TASK ITEM
Print the line containing "Jungle Fowl displaying", then every line after it through the end of the material, exactly as written and without pictures.

EXCERPTED DATA
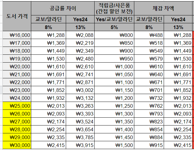 이건 온라인 서점 3사의 5% 적립 외의 3% 추가 혜택에도 미치지 못하는 수준이다. 비교할 수준도 안되지만 편의상 3% 추가 혜택과 상쇄시키자.
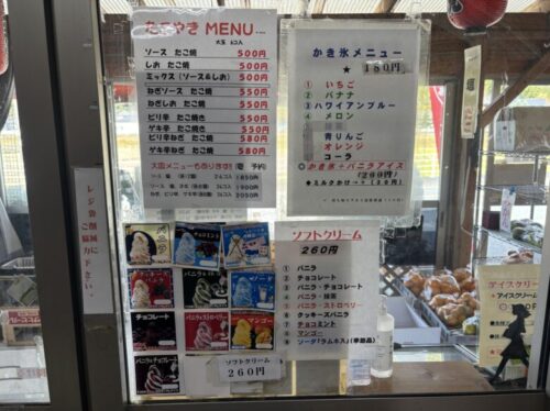 かき氷にソフトクリーム、たこやきなどもありドライブ中に寄れるちょうど良い一面も!
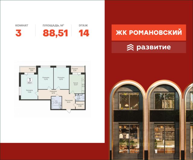 В продаже квартира площадью 71.67 кв. м с черновой отделкой. Квартира расположена на 2 этаже 18 этажного дома, в жилом комплексе "комфорт плюс" класса "Романовский". "Романовский" - это жилой комплекс нового поколения для комфортной жизни в городе. Особое внимание к деталям, амбициозная архитектурная концепция, планировки нового формата, высокое качество и привлекательная локация - вот из чего складывается ваша идеальная жизнь. "Романовский" - правильный выбор в пользу гармонии и комфорта. Расположение Пешком: - 3 мин. до остановки "Городской переулок"; - 5 мин. до остановки "Ул. Степана Панкова"; - 8 мин. до креативного кластера "Станция"; - 10 мин. до спортивного центра "Чайка". На автомобиле: - 8 мин. до Цирка; - 10 мин. до Адмиралтейской набережной; - 10 мин. до проспекта Революции; - 13 мин. до Центрального рынка. Благоустройство - просторный двор для всех видов досуга; - современная концепция "двор без машин"; - озеленение территории; - зонирование тихих и активных пространств; - игровая площадка с мягким покрытием; - воркаут-зона; - лужайки для йоги; - тенистые лаунж-зоны; - просторные входные группы; - большая площадь остекления; - в каждом подъезде работают лифты с доступом в паркинг; - помещения для хранения колясок; - комнаты-лапомойки для питомцев; - теплый подземный паркинг; - гостевая парковка на прилегающей территории; - круглосуточное видеонаблюдение во всех общественных пространствах; - ритейл на первых этажах. Окружение - пространство для спорта: стадион "Чайка", физкультурно-спортивный центр, бассейн, тренажерный зал; - пространство для природы: урочище "Чижовская дача", лесопарки "Оптимистов" и "Вдохновения", Воронежское "море"; - пространство для отдыха: цирк, театр оперы и балета, кинотеатры "Спартак", "Синема Парк"; ТЦ "Солнечный рай"; - пространство для повседневности: гипермаркет "Лента", Центральный рынок, множество детских садов, школ, ВУЗов и медучреждений. Купить 3-комнатную квартиру на улице Чапаева в городе Воронеж.
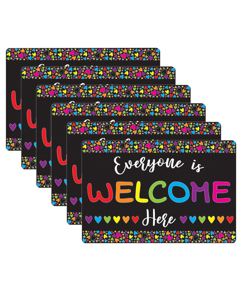 Smart Poly® Computer Mouse Pad, 8" x 10", Everyone is Welcome Here, Hearts, Pack of 6
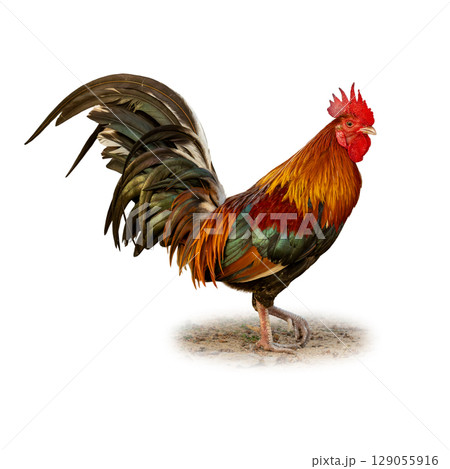 Jungle Fowl displaying vivid orange blue and green plumage with a proud stance isolated on a clean white background
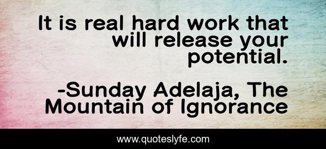 This page presents the quote "It is real hard work that will release your potential.". Author of this quote is Sunday Adelaja, The Mountain of Ignorance. This quote is about life, conversion, productivity, wealth, hard-work, greatness, waste, humanity, product,.

RESULT FOR THIS EXERCISE
 Jungle Fowl displaying vivid orange blue and green plumage with a proud stance isolated on a clean white background
 This page presents the quote "It is real hard work that will release your potential.". Author of this quote is Sunday Adelaja, The Mountain of Ignorance. This quote is about life, conversion, productivity, wealth, hard-work, greatness, waste, humanity, product,.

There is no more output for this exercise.